Workshop

Programme

PSBT counts down to its twentieth anniversary with its annual Open Frame Film Festival, presenting a selection of its documentary films. Organised in partnership with Doordarshan (that funds and broadcasts PSBT’s films) and the India International Centre, the Festival will showcase some of PSBT’s recent films and a retrospective of its unique and remarkable legacy.

Open Frame 2019 will explore myriad themes: the love for cinema and storytelling; stories of the earth and water bodies and their people; the unique efforts of those fighting to preserve them; the histories and memories of cities and their metamorphoses; stories of migration, separation and loss – of people, places, stories and the self; forgotten histories and newer relationships with the past; the engagements of artistic practices with social processes; the experiences and aspirations of those living with disability; understanding inequality, disempowerment and violence; survival on the margins; the power of solidarity across real and imagined boundaries and the human impulse for freedom and creation. The Festival will engage with the documentary form, the stories they tell, the artistic and political impulses that shape them and ways in which they impact their creators and viewers.

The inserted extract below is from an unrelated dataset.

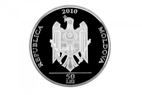 urmând circumferinţa monedei - cu majuscule, este gravată inscripţia „REPUBLICA MOLDOVA”.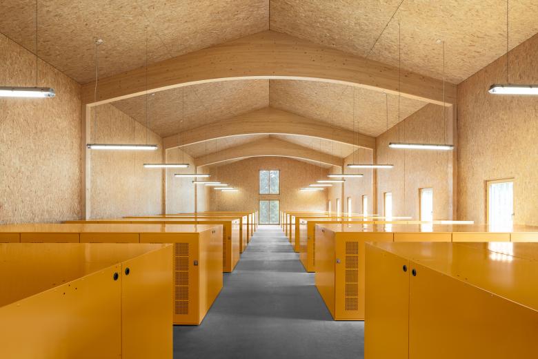 Ein Gebäude aus Holz bietet ausreichend Platz für Golfbags und Elektro-Golfcars: eine Verkürzung der Bauzeit wurde durch Vormontage möglich. Bei Bedarf ist das Gebäude durch das Einziehen eines zusätzlichen Geschosses erweiterbar.

Festival highlights include a retrospective of our celebrated films from earlier years, including National Award winners; Rang Mahal by Prantik Basu – the only Indian film at the Berlinale Competition 2019; winners of the Best Long Documentary Award at the International Film Festival of Kerala, now contending for the Oscars – Moti Bagh by Nirmal Chander and Janani’s Juliet by Pankaj Rishi Kumar; a film on the iconic Sharmila Tagore by Umang Sabarwal; the story of the small town of Guler, in Notes on Guler by Amit Dutta and other exciting and compelling new stories from experienced and starting-out filmmakers.

19 years of Open frame

PSBT’s annual film festival and forum, a space and context for serious engagement with documentary films from India and across the world, representing diverse voices and experiences, providing valuable insights into the contemporary times and a platform for training in filmmaking, film appreciation, understanding and exploring the medium and expanding its boundaries. Open Frame has, over the years, explored a very wide range of subjects and themes: human rights, livelihood, environment, feminism and development to conflict, diversity and politics.